Avec son projet Twinfloat la société Nenuphar fait le pari d’un modèle technologique entièrement nouveau : il s’agit de deux éoliennes verticales, contrarotatives. Le projet prend la forme de deux éoliennes tournant verticalement afin d’exploiter au mieux l’effet corridor (accélération du vent) situé entre les deux éoliennes, dont les pales, verticales, tournent en sens inverse. Les avantages de cette forme « exotique » sont nombreux : une meilleure stabilisation permettant un meilleur rendement, une efficacité supérieure aux autres projets par une meilleure exploitation du corridor de vent et enfin un impact visuel moindre, tout en permettant de rapprocher les éoliennes pour limiter l’espace maritime utilisé par le parc.

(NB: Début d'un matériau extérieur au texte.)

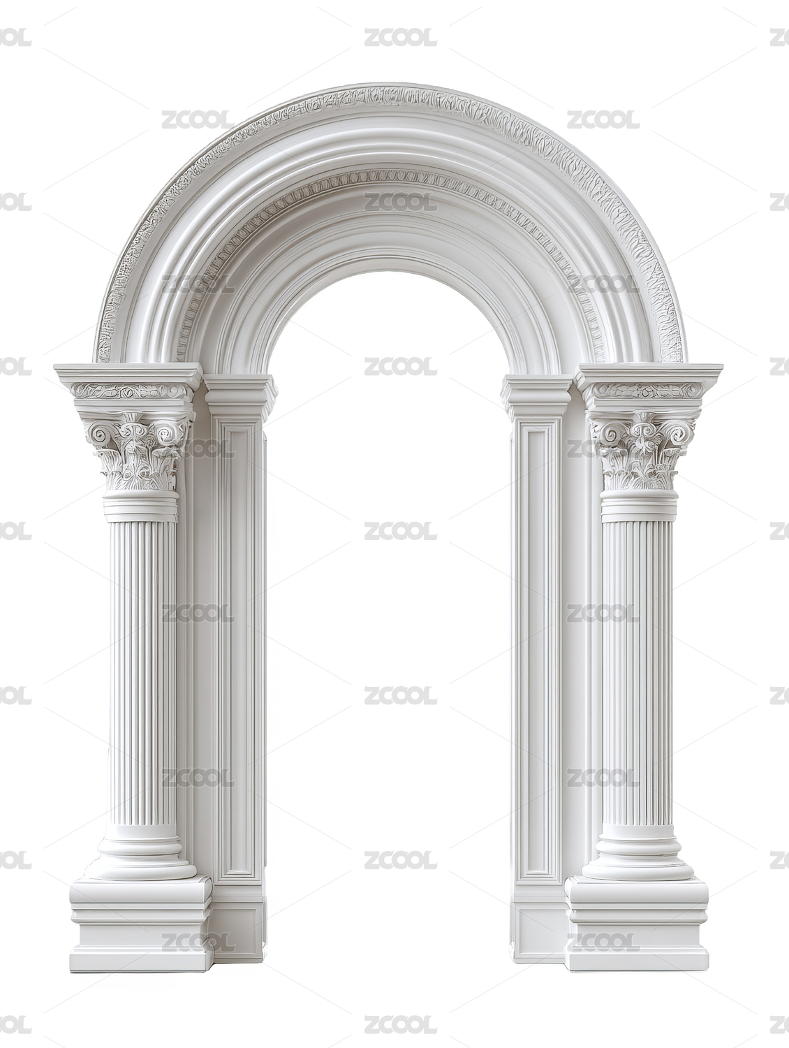 典雅经典白色拱形门框带装饰柱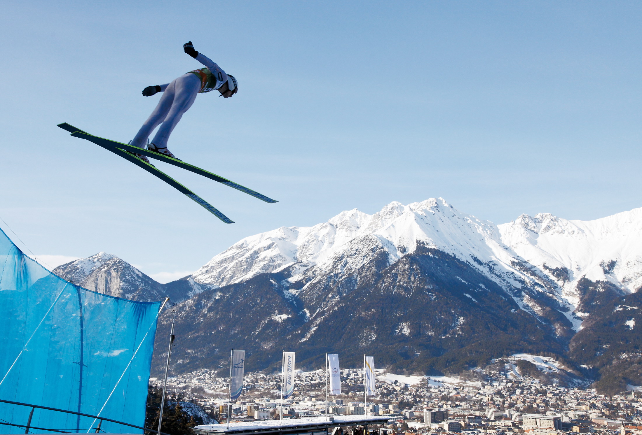 | Bildbeschreibung: Skispringer in Innsbruck Foto: Brigitte Waltl-Jensen, OK Vierschanzentournee, Redaktionelle Verwendung erlaubt, Abdruck honorarfrei, Beleg an: Pressestelle Vierschanzentournee, Hemmerlestraße 4, 87700 Memmingen, Germany, Telefon 08331/9918850, presse@vierschanzentournee.com |

Un démonstrateur de 2 MW est prévu pour 2017 en Méditerranée. A terme TwinFloat permettra de développer une puissance de 5 MW au minimum.
Enfin DCNS est présent sur le secteur avec son éolienne flottante SEA REED, dont il est prévu un parc à l’horizon 2019 dans la zone au Sud de l’île de Groix, dans le Morbihan. Ici aussi la solution se base sur un nouveau type de flotteur, tandis que l’éolienne est un modèle déjà commercialisé par Alstom, l’Haliade 150. Comme sur les autres projets l’on recherche l’économie de coût pour rendre au plus vite cette énergie compétitive, ce qui explique la réutilisation d’une éolienne ayant fait ses preuves sur terre. De même l’utilisation d’une éolienne éprouvée de haute puissance (6MW) permettra de réduire les coûts.

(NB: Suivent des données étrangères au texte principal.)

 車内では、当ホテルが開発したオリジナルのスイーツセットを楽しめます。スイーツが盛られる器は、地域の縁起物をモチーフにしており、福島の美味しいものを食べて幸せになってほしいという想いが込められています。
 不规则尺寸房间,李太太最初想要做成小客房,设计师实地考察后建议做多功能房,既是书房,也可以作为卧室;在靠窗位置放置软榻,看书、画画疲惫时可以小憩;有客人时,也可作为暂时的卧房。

Le flotteur est du type semi submergé, développé par l’architecte naval DCNS et sera assemblé sur le port de Brest, qui voit se créer un pôle d’assemblage dédié aux énergies marines renouvelables.
L’éolien flottant a de grandes ambitions en France : le développement d’une filière française et l’accroissement du potentiel des énergies marines renouvelables permettront de ne pas prendre de retard dans la course aux énergies de la mer comme ça a été le cas avec l’éolien posé. Il est même prévu que cette technologie dépasse sa cousine à l’horizon 2050, participant à la baisse des coûts pour obtenir une énergie marine propre et concurrentielle. Mais pour cela il faudra descendre au moins en dessous du prix du MW éolien terrestre, actuellement de 82 euros contre 170 pour l’éolien offshore posé: un long et passionnant développement s’annonce.